Selasa, 19 November 2013

Resensi Buku


  

Menjadi Guru Inspiratif, Menyemai Bibit Bangsa

Oleh: Lenny Oktaviana Dewi, S.Pd
  (Guru SDIT Insan Permata Malang)

Judul Buku      : Menjadi Guru Inspiratif, Menyemai Bibit Bangsa
No. ISBN         : 978-602-8811-80-4
Penulis             : A. Fuadi, dkk
Penerbit           : Penerbit Bentang (PT Bentang Pustaka)
Tebal Buku      : + 186 halaman
Tahun Terbit    : Desember 2012
Kategori          : Fiksi


Tentang para Penulis :
Rahman Adi Pradana, biasa dipanggil Adi, adalah alumni Pengajar Muda dari Yayasan Gerakan Indonesia Mengajar. Adi ditempatkan selama satu tahun untuk mengajar di SDN Indong, Desa Indong, Pulau Mandioli, Kabupaten Halmahera Selatan, Provinsi Maluku Utara pada 2010-2011 lalu. Adi sempat bekerja di dua perusahaan multinasional setelah lulus. Saat ini Adi bekerja sebagai staf di salah satu Unit Kerja Presiden.

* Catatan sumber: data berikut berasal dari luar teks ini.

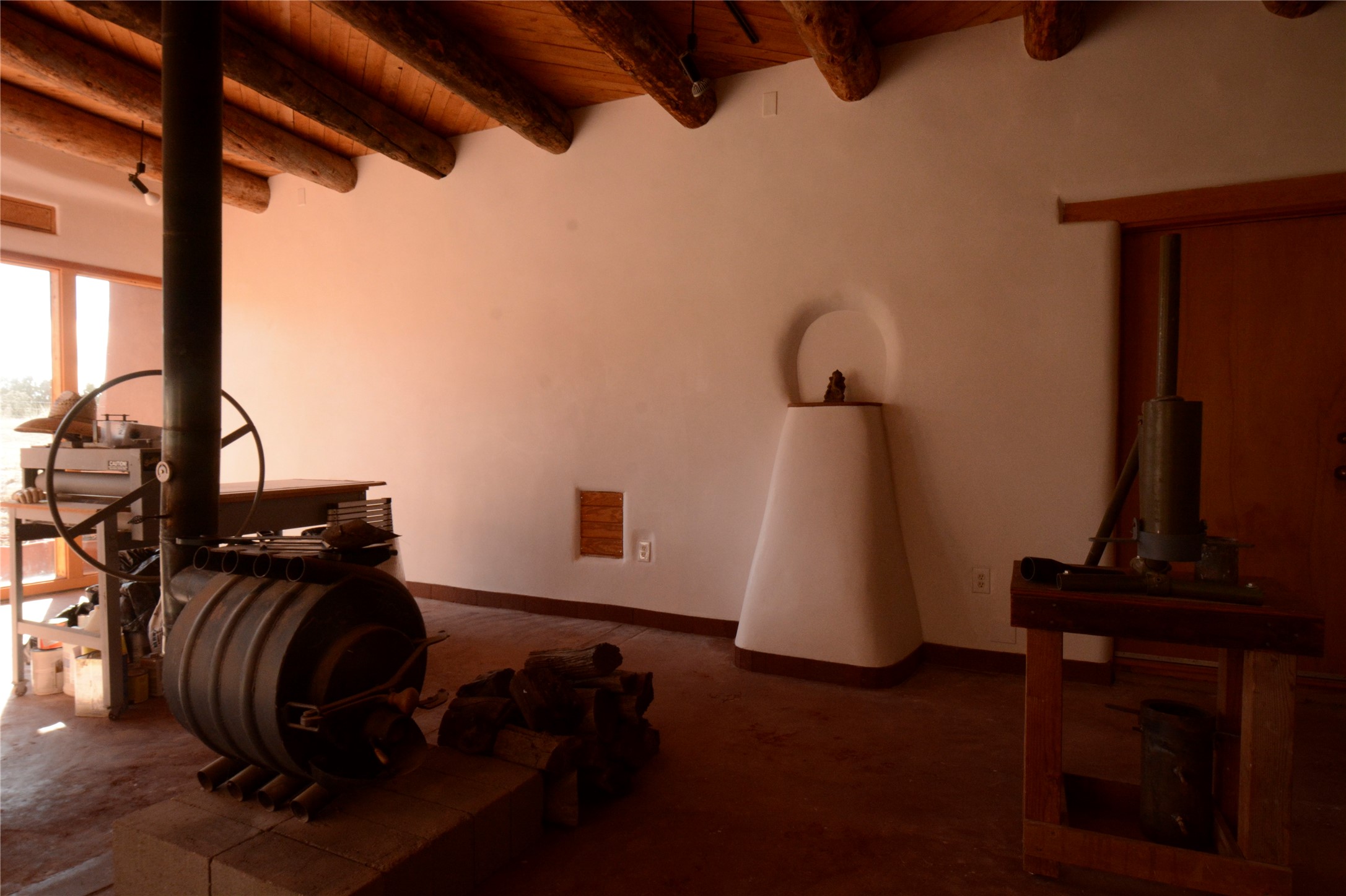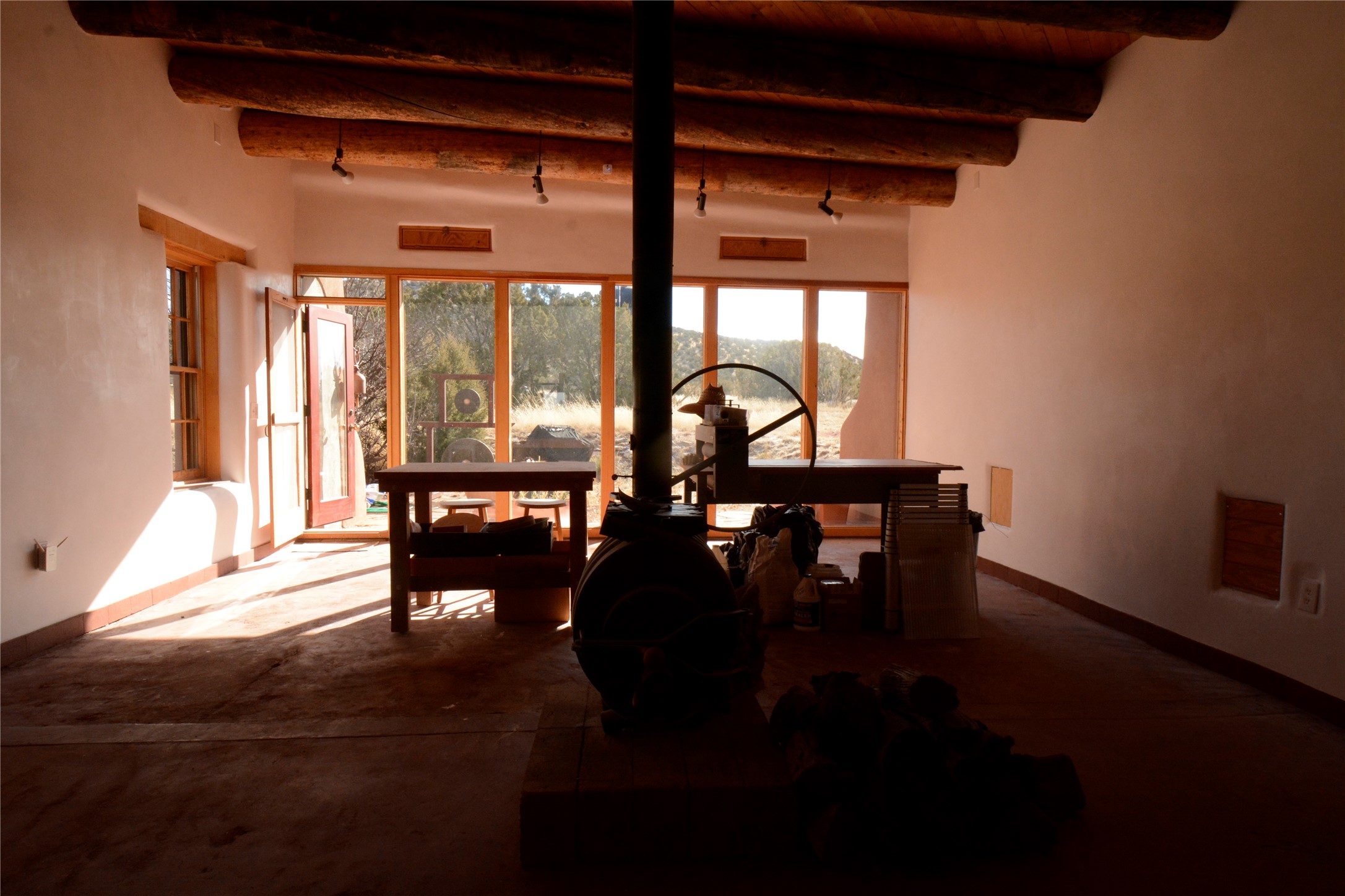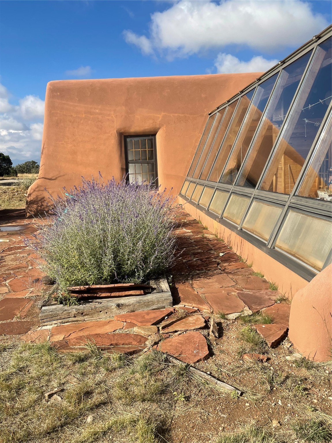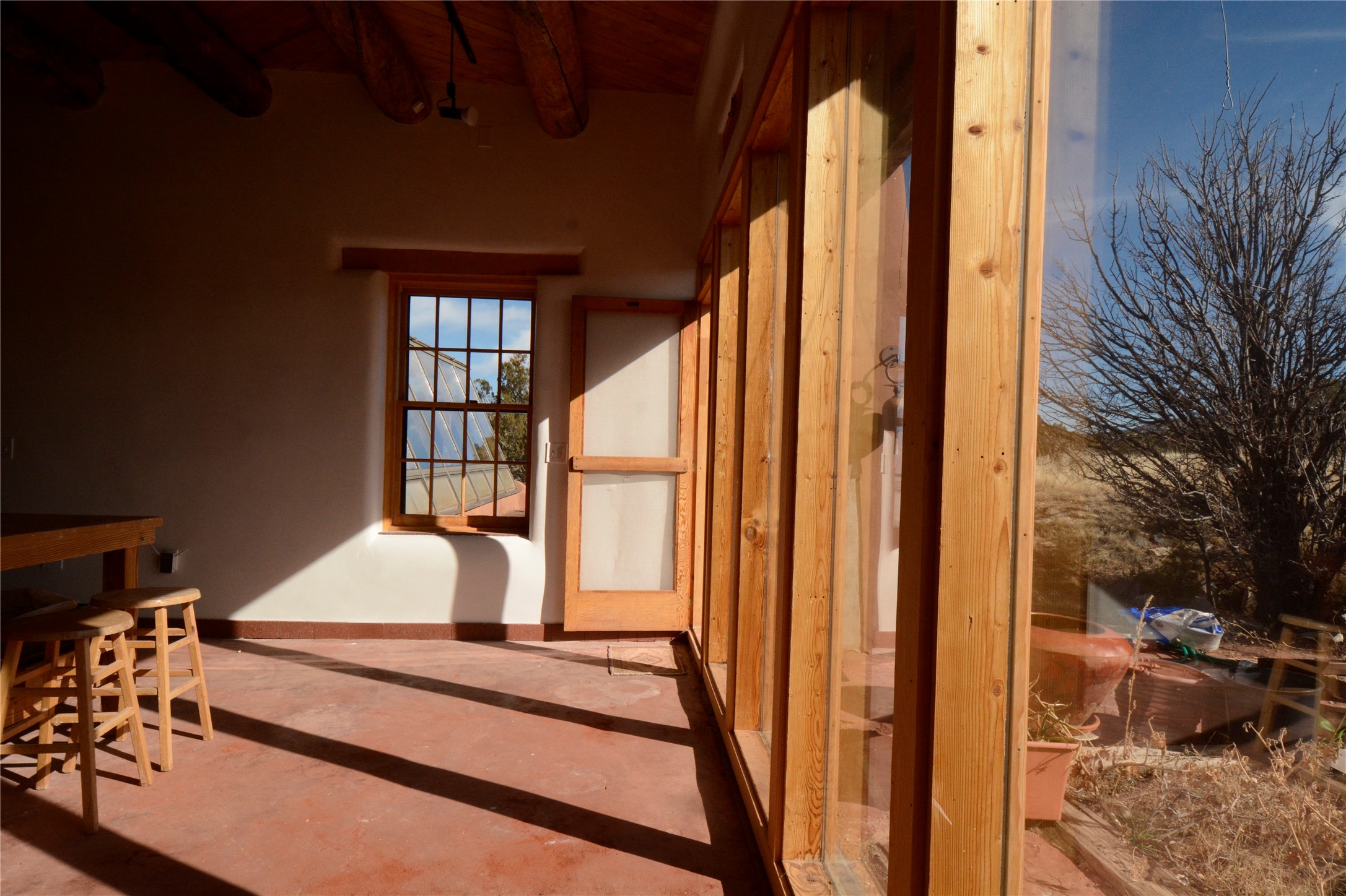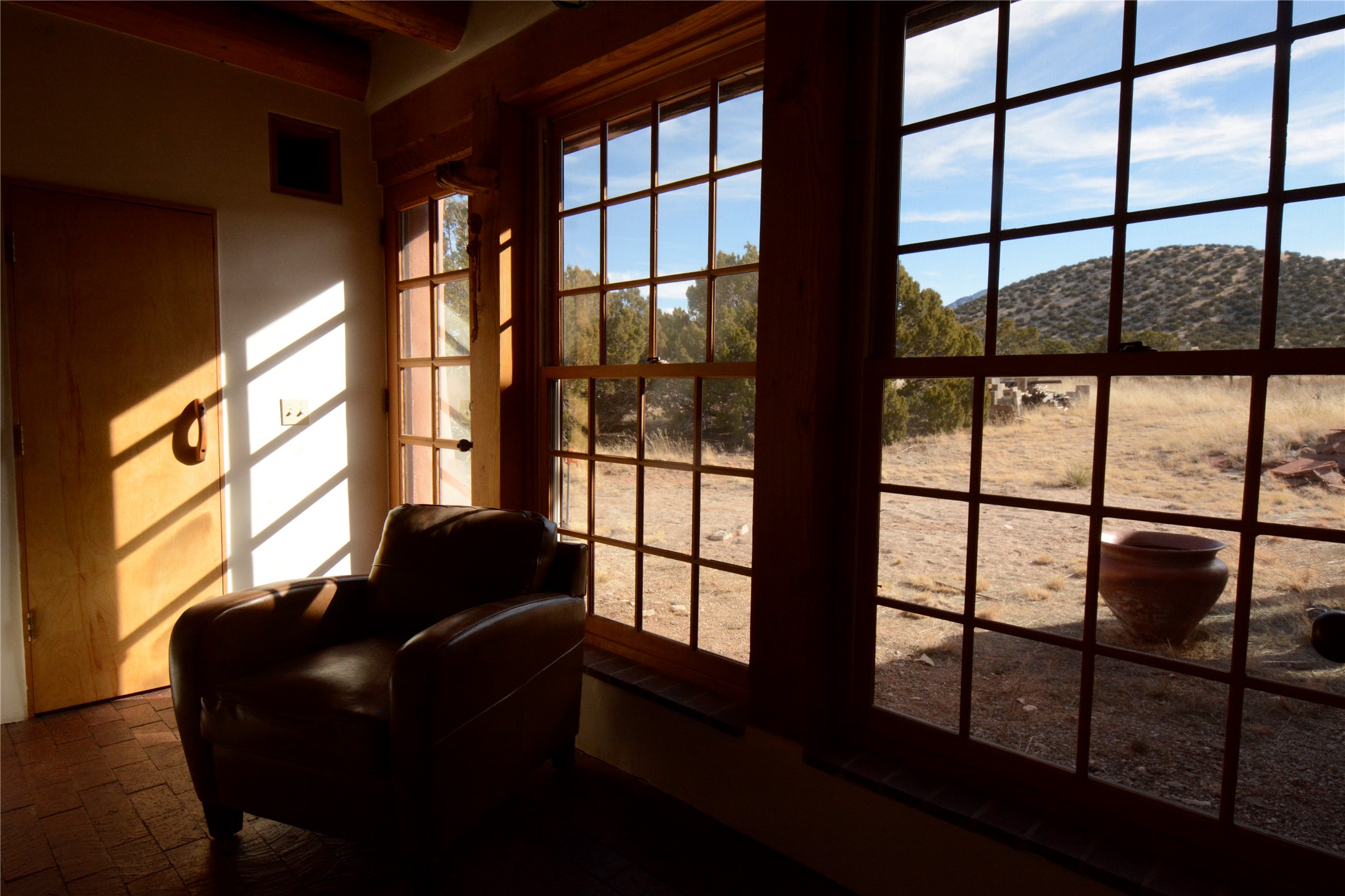 Nestled among the mountains along the Turquoise Trail south of Santa Fe is a private country living dream. Twenty acres of fenced land supports a sustainable complex that provides views, views, views and off grid existence. Horses? One can ride tremendous distances through endless beauty, directly from the property. The main house includes two bedrooms, an attached greenhouse for growing all year long, a SAUNA, and lovely adobe construction and detail. A _______ square foot Studio is also attached and heated with a large wood burning stove. An office is an extension of that space.An oversized garage is perfect for utilization of additional studio space, car storage, or eventual development for another living area or apartment (mother-in law, renters, caretakers?) This property offers so many choices for expansion. Imagination runs wild!

Rakhmawati Agustina, lahir di Semarang pada 8 Agustus 1989. Anak kedua dari tiga bersaudara ini memiliki hobi membaca dan menulis. Saat ini Rakhma tinggal di Jln. Parang Baris 8 No.10 Perumnas Tlogosari-Semarang, Jawa Tengah. Penulis sangat terinspirasi oleh Penulis buku dan penyanyi Dewi “Dee” Lestari.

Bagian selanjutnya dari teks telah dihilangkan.